Ao longo da vida vivenciamos momentos de grande aflição que por vezes não são tão efémeros quanto gostaríamos. Sem as ferramentas apropriadas para lidar com a ansiedade, aprendemos a conviver com a apreensão por tempo indeterminado.

 

Instalar-se-á uma preocupação exagerada que na realidade está longe da realidade. A verdade é que atrapalham a vida real. Felizmente, existem muitas formas de manejar esse sentimento tão desagradável.

 

Quando a ansiedade passa a ser um problema, incapacitando o desenvolvimento normal das tarefas do dia-a-dia, estamos diante de um transtorno psicológico, associando outros sintomas como:

– Irritabilidade

– Fadiga constante

– Fobias

– Obsessão

– Pensamentos catastróficos

– Preocupação excessiva

– Tensão muscular

– Insónia

– Entre outros.

 

Síndrome do Pânico e Transtorno Obsessivo Compulsivo

 

Não sendo tratado atempadamente, a ansiedade pode manifestar-se através do Síndrome do Pânico e Transtorno Obsessivo Compulsivo (TOC). Como controlar a ansiedade no dia-a-dia?

 

Tanto para quem sofre com os sintomas do transtorno de ansiedade generalizada quanto para pessoas ligeiramente ansiosas é importante adotar mecanismos para controlar a ansiedade. A chave para que as dicas funcionem de verdade é a repetição.

 

Tentar uma vez não é o suficiente e não vai fazer a ansiedade desaparecer milagrosamente. É necessário desenvolver hábitos positivos através da reeducação do cérebro. Além da procura de um profissional de saúde mental, como um Psicólogo, que irá estudar o perfil individual, as causas e ajudar a ultrapassar as dificuldades associadas à ansiedade, deixamos alguns passos simples, que podem ajudar a ultrapassar autonomamente alguns picos de ansiedade.

 

Treine a respiração profunda

Respirar profundamente é um conselho antigo. Quando inspiramos o ar e expiramos vagarosamente, o cérebro compreende que podemos (e devemos) relaxar. O efeito é quase imediato. Pode ser difícil no início, mas com o treino torna-se mais eficiente. Bastam dois minutos diários de treino para o corpo aprender a se acalmar imediatamente.

 

Faça técnicas de relaxamento

Após um dia de trabalho cheio, procure uma música relaxante, desligue as luzes do quarto (se preferir) e deite-se confortavelmente. Não pense no trabalho, nos problemas, nas pendências.

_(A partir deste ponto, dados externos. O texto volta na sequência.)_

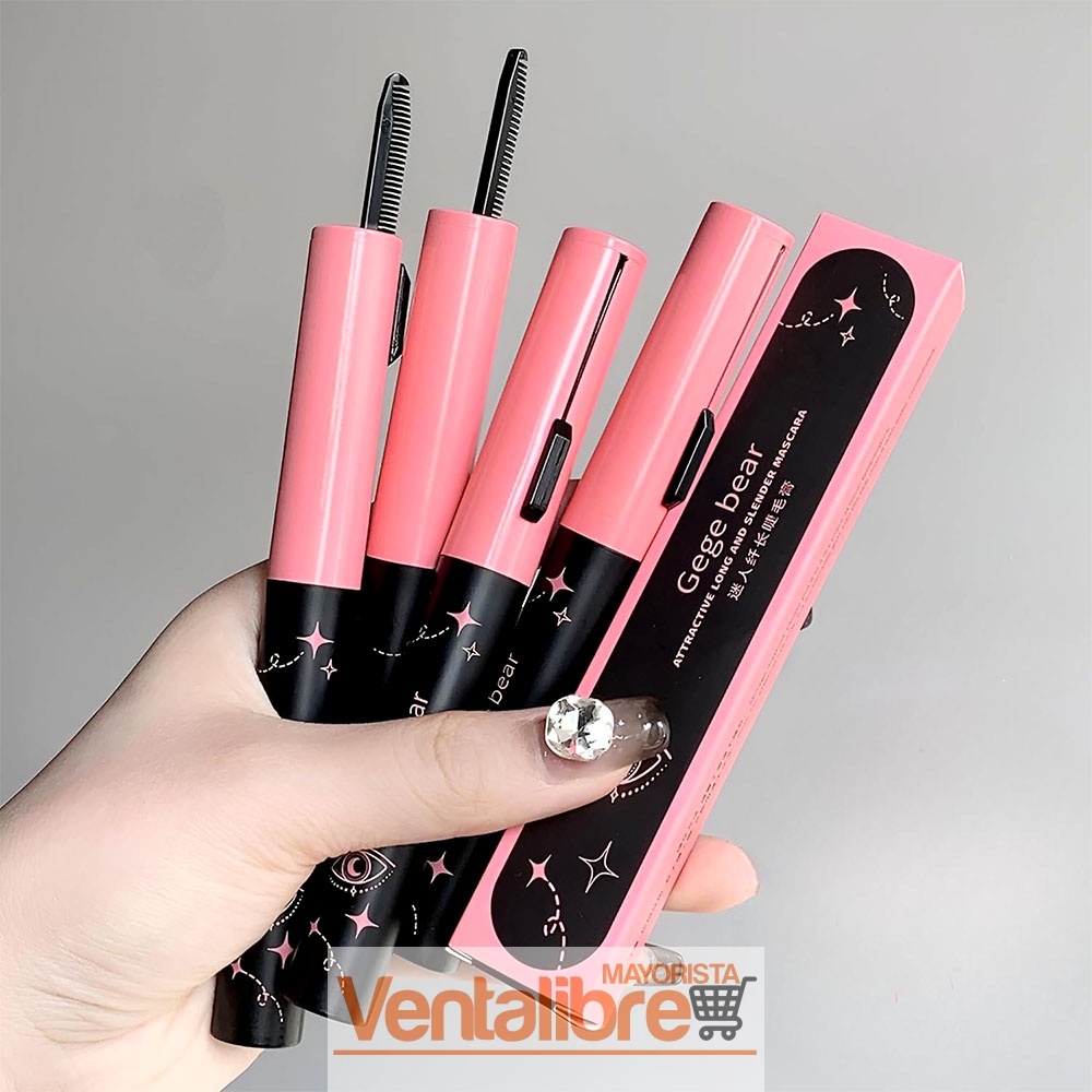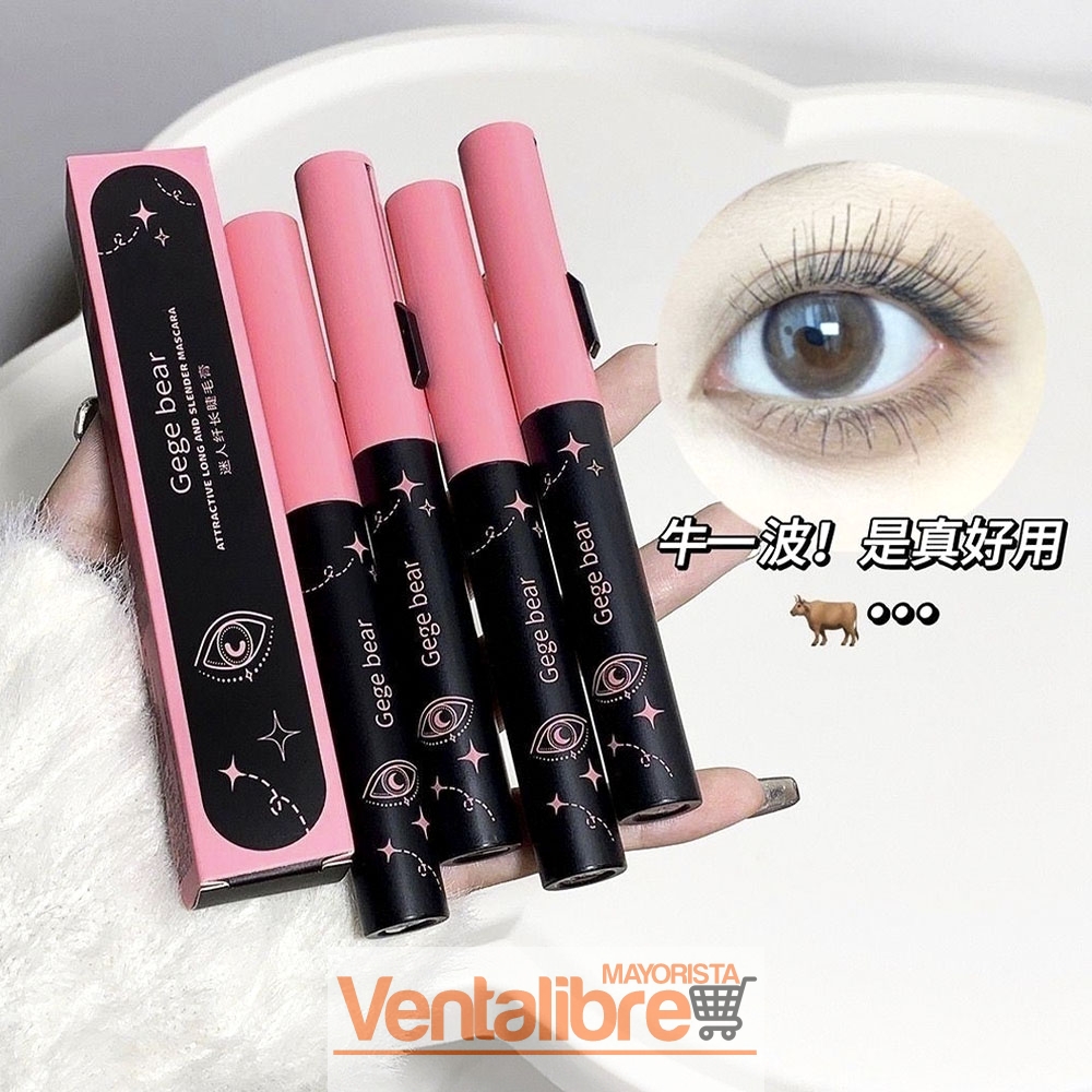 Envase rosa de inspiración kawaii con fórmula de copolímero de estireno/acrilatos a prueba de agua, varilla de cerdas finas de precisión para una aplicación sin grumos, sistema de hidratación dual con glicerina, agentes acondicionadores de cera de abejas naturales y fácil extracción a pesar de su resistencia al desgaste superior de 12 horas.

Concentre-se apenas em sua respiração e na música. De preferência, use fones de ouvido para aprofundar o relaxamento. Repetindo esta curta sessão de relaxamento diariamente, ajuda na redução de sensações de ansiedade. Evidências científicas demonstram que estes momentos de silêncio são importantes para a nossa saúde mental.

 

Pratique atividade física

É mais do que confirmado que a atividade física moderada, pelo menos três vezes por semana, ajuda a controlar a ansiedade, além de agir como prevenção e tratamento complementar para transtornos mentais. A atividade física liberta as hormonas da felicidade (dopamina, endorfina e serotonina), promovendo o bem-estar e a disposição física pelo resto do dia.

 

Alimente pensamentos bons

Você já percebeu que quando nos lembramos de algo embaraçoso ficamos com vergonha novamente? Ou quando imaginamos uma situação positiva o nosso entusiasmo cresce de imediato?

Os nossos pensamentos exercem grande influência nos nossos sentimentos e ações. Por isso, muitos transtornos mentais compartilham o sintoma de pensamentos ruins ou desastrosos. Podemos modificar esses pensamentos quando quisermos. Logo pela manhã, pense em coisas prazerosas, revisite lembranças felizes ou liste as suas qualidades. Desta forma, aprende a expulsar os pensamentos de má qualidade que não ajudam em nada.

 

Organize o seu dia

Outra forma de controlar a ansiedade é planear o dia com antecedência. Organize os seus afazeres domésticos e compromissos de forma que seja de fácil entendimento. Pode ser uma agenda, uma lista, uma aplicação do telemóvel ou um mural.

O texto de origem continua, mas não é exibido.